The first 3-dimensional (3-D) coding scheme was presented in 1977. After a short prosperity, 3-D coding became ignored due to the popularity of the hybrid scheme. Recently, however, 3-D coding has been paid attention to because of its natural approaches. 3-D approaches using various coding schemes such as subband, fractal, wavelet and vector quantization(VQ) have been inquired for video compression. Among these, investigation of 3-D VQ has been tardy mainly due to the difficulty of making VQ codebooks for large vector dimension. In a previous work, 3-D cube of a fixed size and shape (spatially 4x4 block, temporally 4 frames) was used. In the fixed cube, however, it is hard to make efficient use of local activities of images at reasonable bit rate.

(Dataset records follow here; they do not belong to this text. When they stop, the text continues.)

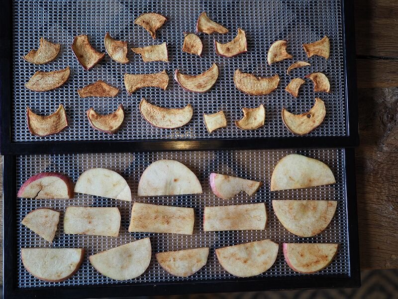 Еда сильно сжимается, когда теряет влагу, так что помните об этом, когда будете рассчитывать объем порций. Например, полкило яблок (до нарезания на дольки) превращается в чашку сушеных яблочных долек. Хотя тонко нарезанные ломтики позволяют равномерно высушить продукт, не нарезайте пищу на слишком мелкие куски, иначе они потеряются в процессе восстановления.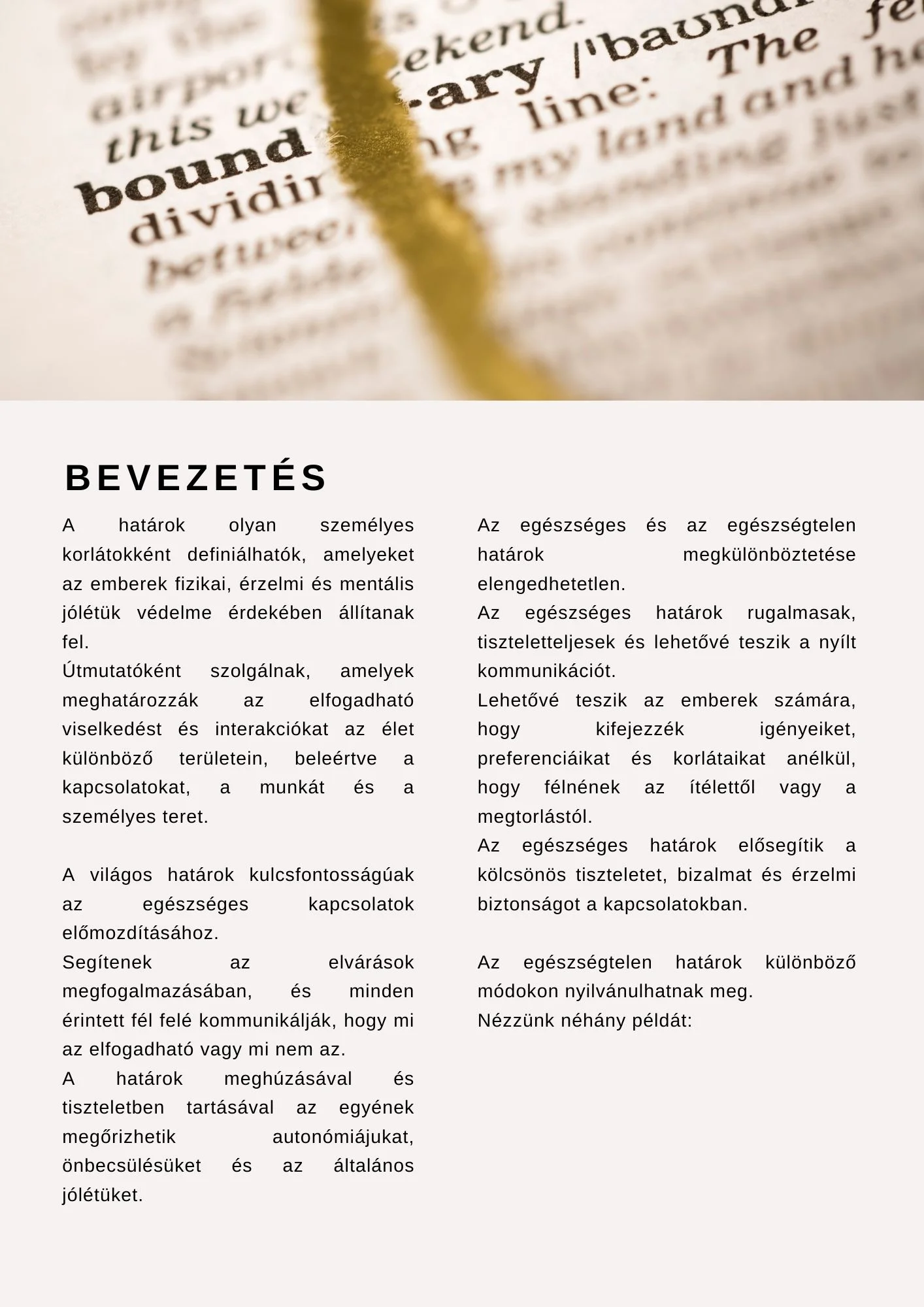 A határok személyes korlátok, amelyek meghatározzák, hogy mit vagyunk hajlandók elfogadni és mit nem.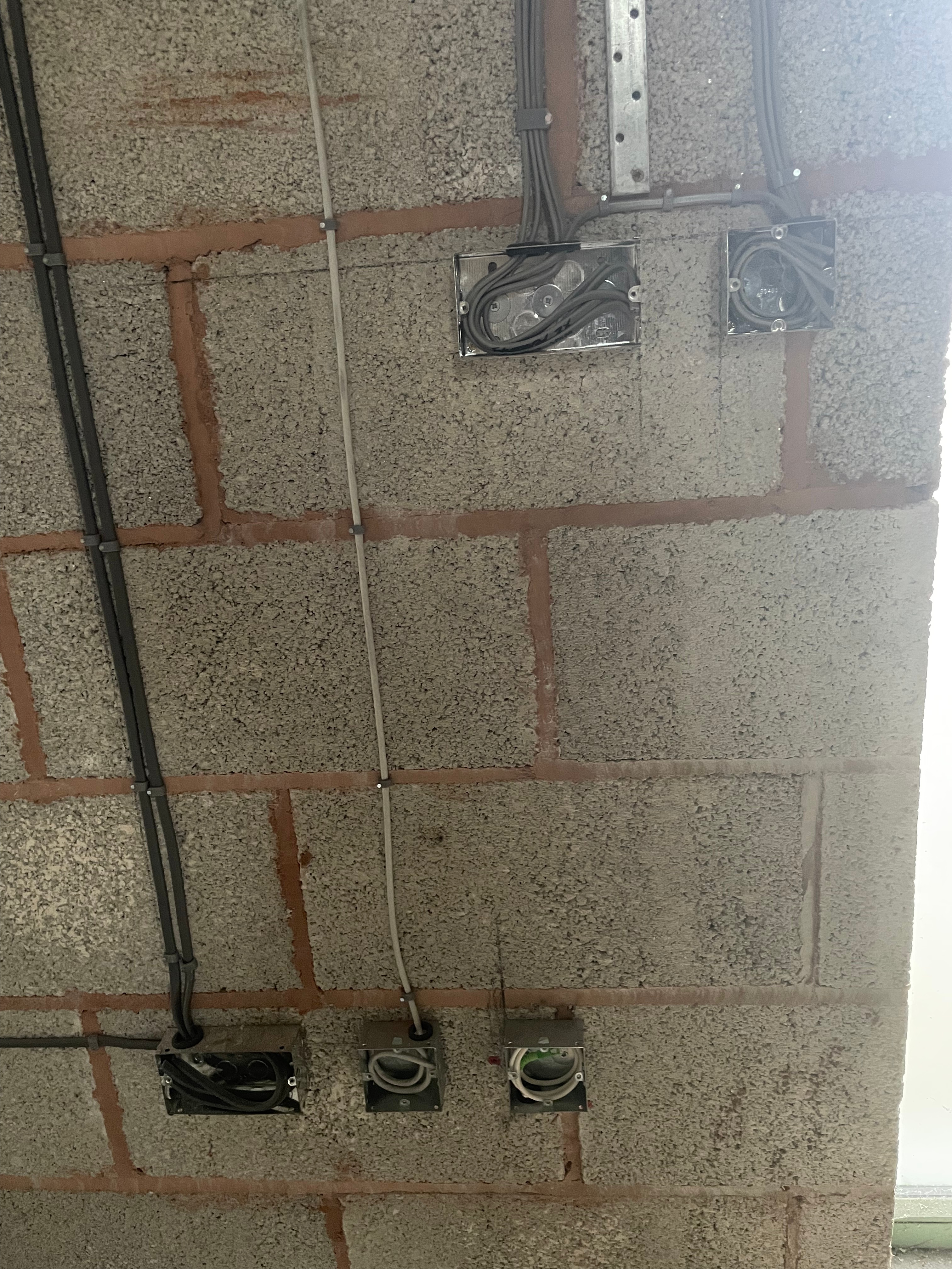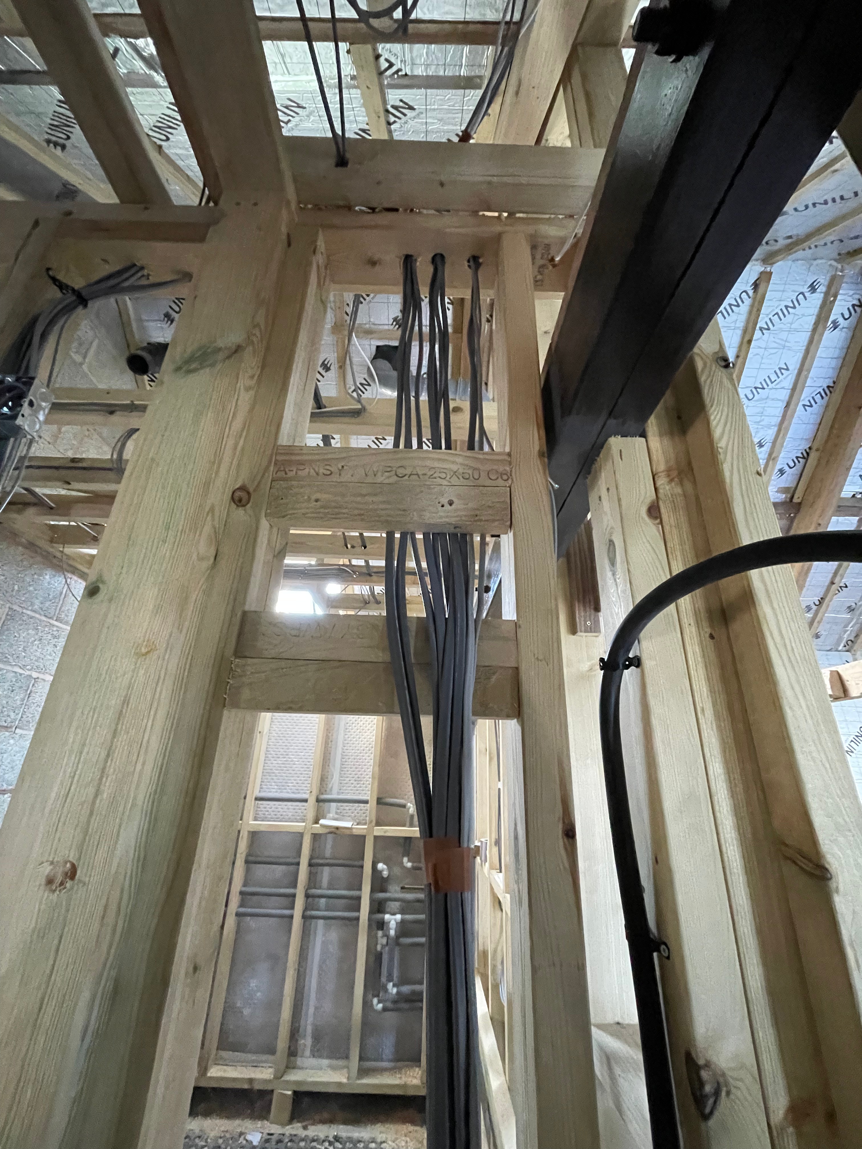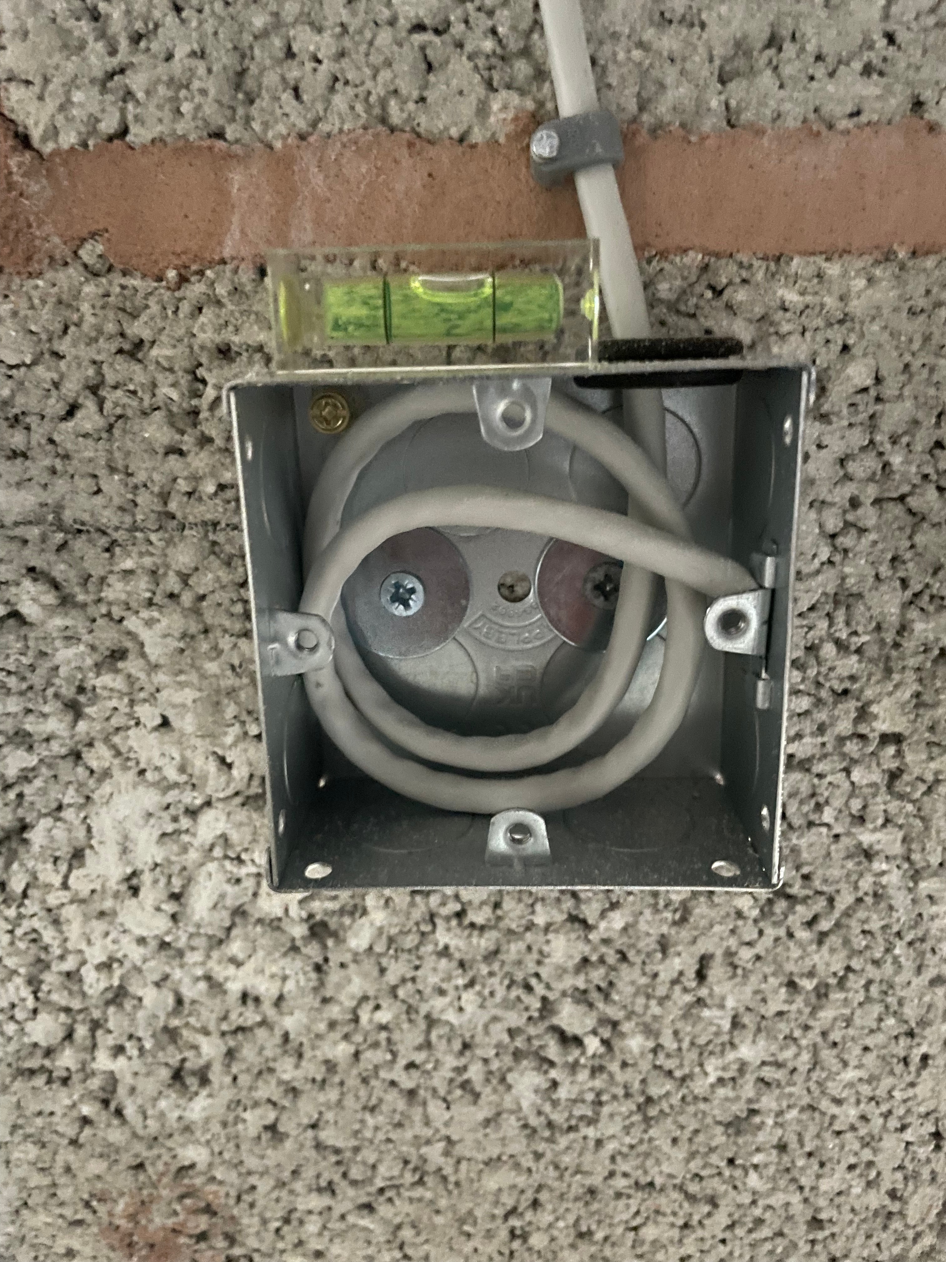 Our electricians completed their first fix – putting in all the required wiring and then adding in socket boxes and switch boxes into the stud walls. They’ve done a pretty good job getting them straight as well – there are only a couple where the boxes are slightly wonky and they’ll need to make the most of the adjustable lugs in the boxes themselves.

This paper proposes a new 3-D VQ method by using adaptive segmentation according to three temporal activity modes and an efficient codebook generation algorithm for large dimensional vectors. First, changed and unchanged regions are classified for blocks of large size by frame difference. The unchanged blocks in the current frames are just replaced with the contents of the corresponding blocks in the previous coded frame. On the other hand, changed or temporally active regions are consiered as 3-D blocks and categorized with respect to their temporal variances. First, adaptive temporal segmentation is applied based on temporal correlation of image samples, and then each subblock is spatially segmented by using spatial variances. With these adaptive partitions, local activities are reflected to the coding scheme in a more efficient and decent manner.
The performance of the proposed scheme is investigated by computer simulation. The proposed scheme is proven to provide improved image quality in comparison with the conventional method and to compete with the standard coding scheme(example; H.261) in performance.